Single Server Distributed System
+-----------+ +-----+ +-----+ +-----+
| App + DB | vs | N1 |--| N2 |--| N3 |
+-----------+ +-----+ +-----+ +-----+
\ | /
Network (unreliable)
Distributed systems have unique challenges:
- Network latency: Communication between nodes takes ms to seconds
- Partial failures: Some nodes crash while others remain healthy
- Clock synchronization: Physical clocks on each node differ slightly
- Byzantine failures: Nodes may send incorrect data
2. CAP Theorem
2.1 What Is the CAP Theorem?
Proposed by Eric Brewer in 2000 and proven by Seth Gilbert and Nancy Lynch in 2002.
A distributed system can guarantee at most two of three properties simultaneously:
| Property | Description |
|---|---|
| Consistency | Every read receives the most recent write |
| Availability | Every request receives a response (success or failure) |
| Partition Tolerance | System continues to operate despite network partitions |
2.2 Why You Cannot Have All Three — Intuitive Proof
Network partition occurs!
[Node A] ----X---- [Node B]
data=1 data=1
Client sends write(data=2) to Node A
Option 1 (CP): Cannot sync with Node B → Reject request (sacrifice availability)
Option 2 (AP): Update Node A only → Allow inconsistency (sacrifice consistency)
Since network partitions (P) are unavoidable in distributed systems, the real choice is CP vs AP.
2.3 CP Systems vs AP Systems
| Aspect | CP Systems | AP Systems |
|---|---|---|
| Behavior during partition | Reject writes or wait | Accept writes, merge later |
| Examples | ZooKeeper, etcd, Spanner | Cassandra, DynamoDB, Riak |
| Best for | Financial transactions, leader election | Social media, shopping carts |
2.4 PACELC Extension
The PACELC model addresses CAP's limitations:
if (Partition) then
Availability vs Consistency
else
Latency vs Consistency
| System | During Partition | Normal Operation |
|---|---|---|
| Cassandra | PA (availability) | EL (low latency) |
| Spanner | PC (consistency) | EC (consistency) |
| MongoDB | PA (availability) | EC (consistency) |
3. Consistency Models
3.1 Consistency Levels Compared
From strongest to weakest:
Strict Consistency
|
Linearizability
|
Sequential Consistency
|
Causal Consistency
|
Eventual Consistency
3.2 Strong Consistency
Every read returns the result of the most recent write.
Time -->
Client A: write(x=1) ------>
Client B: read(x) --> must return 1
- Implementation: Synchronous replication to all nodes before responding
- Pro: Simple programming model
- Con: High latency, low availability
3.3 Sequential Consistency
All nodes see operations in the same order, but the order may differ from real-time.
Real time: A:write(x=1) B:write(x=2)
Sequential OK: B:write(x=2), A:write(x=1)
(as long as all nodes agree on this order)
3.4 Causal Consistency
Operations with causal relationships are ordered.

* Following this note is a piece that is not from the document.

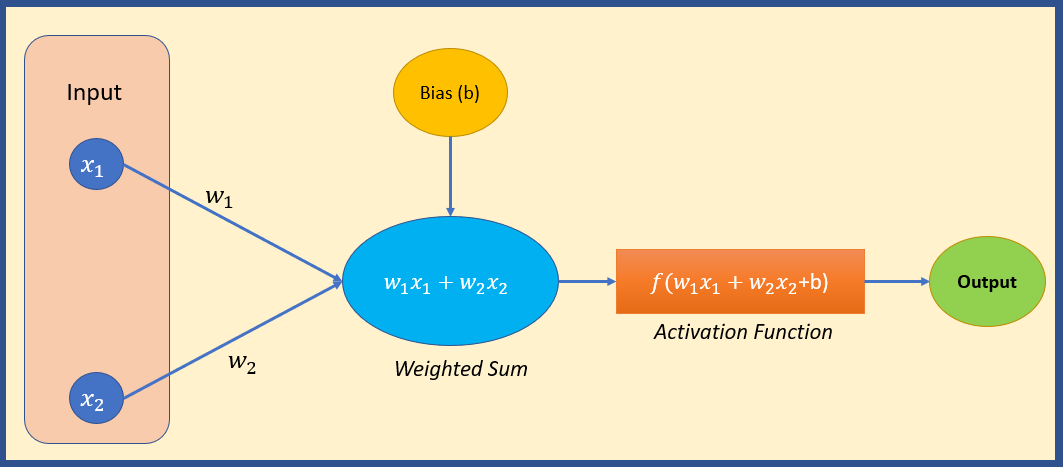 In the diagram below, weights are represented as w1 and w2 and bias is represented as b respectively.

Unrelated operations may be seen in different orders.
A writes a post --> B writes a comment (causally related)
--> All nodes see the post before the comment
C writes a post / D writes another post (no causal relation)
--> Different nodes may see them in different orders
3.5 Eventual Consistency
If updates stop, eventually all nodes will converge to the same value.
Time -->
Node A: x=1 ......... x=1 (propagation) --> x=1
Node B: x=0 ......... x=0 --> x=1 (slight delay)

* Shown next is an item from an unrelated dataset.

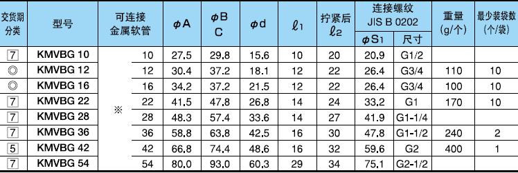 ·表中的[可連接金屬軟管]欄內(nèi)的※號(hào),代表KMS、KMV、KPF、KIC、KIH、KIV、KPBF、KUU、KCS、KMB、KIB、KM、KI。

Node C: x=0 ......... x=0 --> x=1
- Used by DNS, CDN caches, Amazon S3
- Requires conflict resolution: Last-Write-Wins, CRDTs, application-level merging
3.6 Consistency Model Comparison
| Model | Latency | Availability | Programming Difficulty | Use Cases |
|---|---|---|---|---|
| Strong | High | Low | Easy | Finance, inventory |
| Sequential | Medium | Medium | Medium | Distributed locks |
| Causal | Low | High | Medium | Social feeds |
| Eventual | Very low | Very high | Hard | DNS, caches |
4. Replication
4.1 Leader-Follower Replication
The most common replication strategy.
writes
Client --> [Leader] --> replication --> [Follower 1]
--> [Follower 2]
--> [Follower 3]
reads
Client --> [any Follower 1, 2, or 3]
Synchronous replication: Leader waits for all followers to acknowledge. Strong consistency, high latency.
Asynchronous replication: Leader responds immediately, followers replicate later. Low latency, potential data loss.
Semi-synchronous replication: Leader waits for at least one follower. Default approach in MySQL, PostgreSQL.
# Semi-synchronous replication pseudocode
def write(data):
leader.write(data)
ack_count = 1 # leader itself
for follower in followers:
if follower.replicate(data):
ack_count += 1
if ack_count >= 2: # at least 1 follower confirmed
return SUCCESS
return FAILURE
4.2 Multi-Leader Replication
Multiple nodes accept writes simultaneously.
[Leader A] <--> [Leader B] <--> [Leader C]
| | |
[Follower] [Follower] [Follower]
- Use cases: Multi-datacenter, offline work (Google Docs)
- Core challenge: Write conflict resolution
- Last-Write-Wins (LWW): Write with largest timestamp wins
- Merge: Use CRDTs (Conflict-free Replicated Data Types)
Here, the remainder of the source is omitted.